Most of the males (45.6%) perceived high risk regarding the daily supply of drinking water; meanwhile, there was a higher proportion of low-risk perception females (2.8% higher than the high-risk perception females). Figure 5 shows the proportion of each risk perception community within different groups of demographic characteristics. The high-risk perception community was mostly comprised of the working groups such as government servants, private workers, and self-employed individuals, as well as the retired workers. Similarly, the elderly (aged ≥60 years) had a higher risk perception than the other younger respondents (Fig. 5 and Table 1). Different education levels made up the greater proportion of the high-risk perception community, in which field of study could be an underlying factor. Wealthy people had different risk perception to lower income people; notably, the high-risk perception community had no T20 income group. Also, up to 60% of the M40 income group were in the high-risk perception community. Moreover, the B40 income group had relatively high risk perception (30.3 and 24.2% of high- and low-risk perception groups, respectively). Nonetheless, the chi-square test found no significant influence of demographic characteristics in the distribution of risk perception communities (p > 0.05). Beside the sociodemographic factors, the variation in public-perceived risk of EDCs in drinking water was expected due to the different risk processing either based on a rational system (analytical processing system) or a nonrational system (experiential processing system)9. Further, future studies on comprehensive conceptualization of the risk processing system and predictors (e.g., cognitive and affective) are required for in-depth analysis of the public responses to the risk perceived in the emerging drinking water quality issue.

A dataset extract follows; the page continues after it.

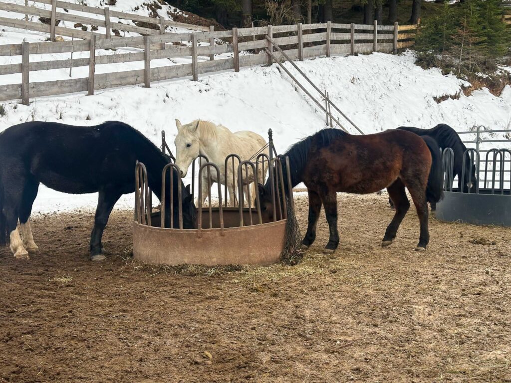 Le mucche invece sono della razza Pustertaler Sprinze, autoctona, mentre i cavalli sono di diverse specie, uno più bello dell’altro. E deliziosi sono i pony, che possono essere anche cavalcati fino ai 6 anni circa dei bambini.

The present study observed the current risk perception level with the presence of a low-risk perception community and a group of people who were unsure of the emerging drinking water quality issue. The situation indicates the lack of effective communication and governance in developing countries since the broad scope of EDCs had been widely detected in global drinking water supply, particularly pharmaceuticals in Malaysian tap water39. Further, it is not a worldwide practice to raise awareness and regulate emerging contaminants in drinking water. Subsequently, development of risk behavior (preparedness, reduction, prevention, and mitigation) and adoption of public participation in a multi-barrier approach in the monitoring and management framework of the drinking water supply system are challenging. Thus, the present study, which contributes empirical and theoretical outputs, facilitates the conceptualization of effective communication and governance, targeting the dissemination of information on safe drinking water quality and public involvement in regard to EDCs. This supports the national water sector in accomplishing the Sustainable Development Goals (SDGs) that target clean drinking water and sanitation, and safeguard public health for all.